- TASK BRIEF
From top to bottom, return the listing exactly as it appears, omitting its images.

- DATASET CONTENT

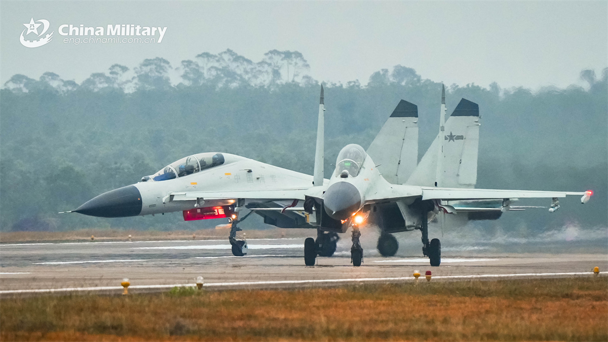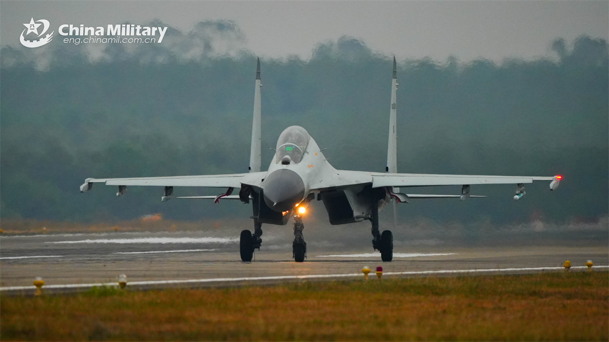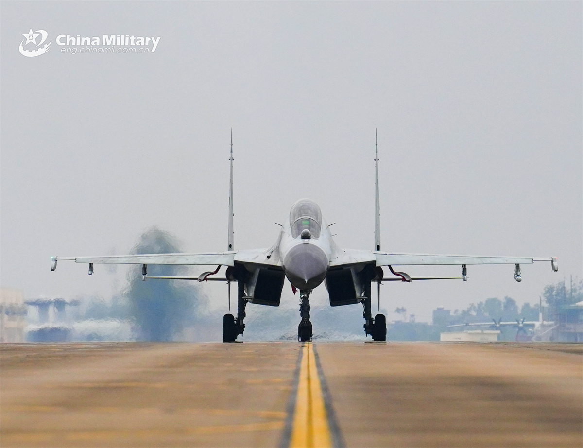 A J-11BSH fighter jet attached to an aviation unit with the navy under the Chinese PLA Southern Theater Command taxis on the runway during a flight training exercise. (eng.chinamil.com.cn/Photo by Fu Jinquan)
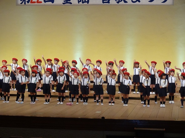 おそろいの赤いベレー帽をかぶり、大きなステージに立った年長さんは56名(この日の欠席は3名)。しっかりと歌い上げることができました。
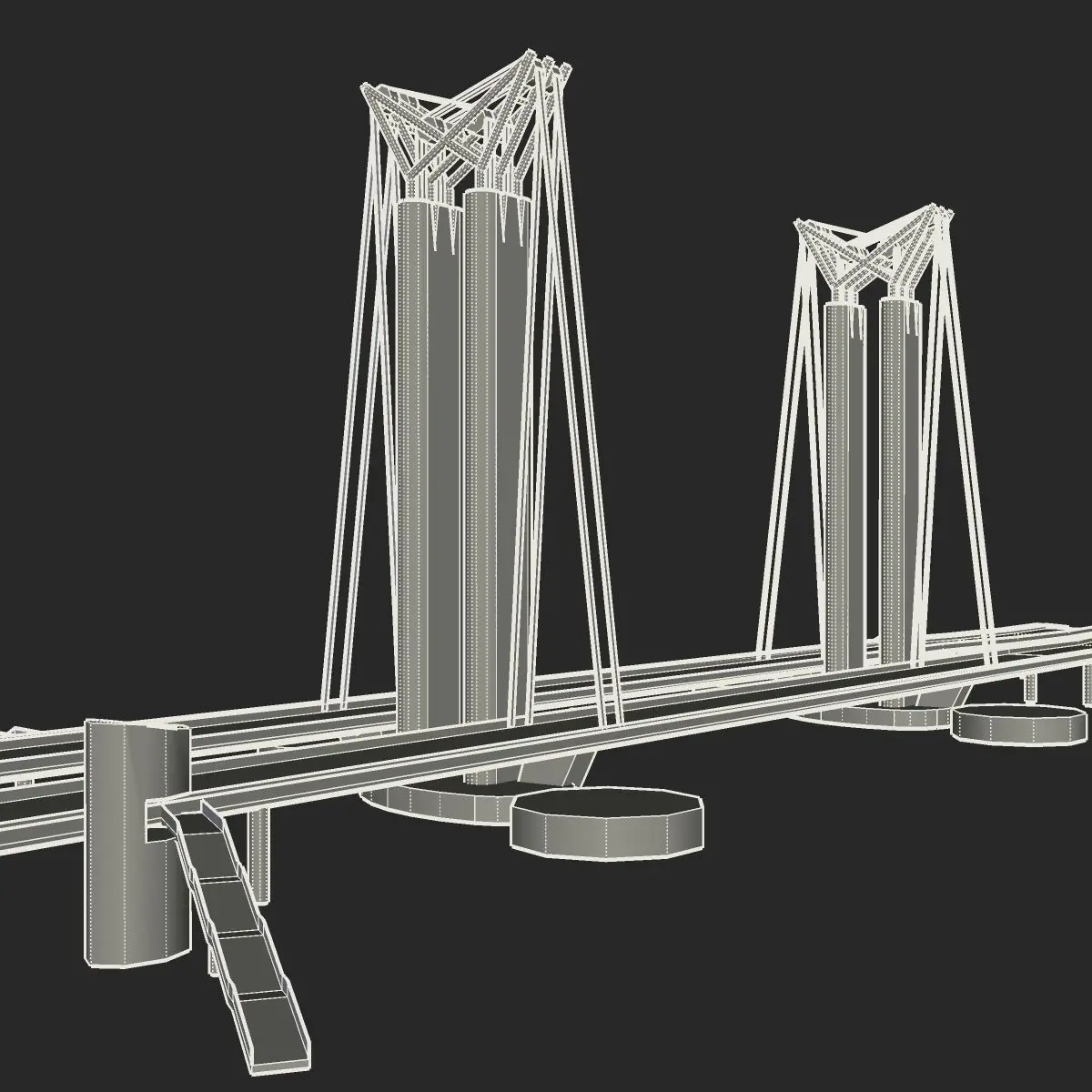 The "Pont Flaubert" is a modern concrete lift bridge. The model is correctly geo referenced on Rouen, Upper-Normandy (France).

- SOLUTION FOR THIS EXERCISE
 A J-11BSH fighter jet attached to an aviation unit with the navy under the Chinese PLA Southern Theater Command taxis on the runway during a flight training exercise. (eng.chinamil.com.cn/Photo by Fu Jinquan)
 おそろいの赤いベレー帽をかぶり、大きなステージに立った年長さんは56名(この日の欠席は3名)。しっかりと歌い上げることができました。
 The "Pont Flaubert" is a modern concrete lift bridge. The model is correctly geo referenced on Rouen, Upper-Normandy (France).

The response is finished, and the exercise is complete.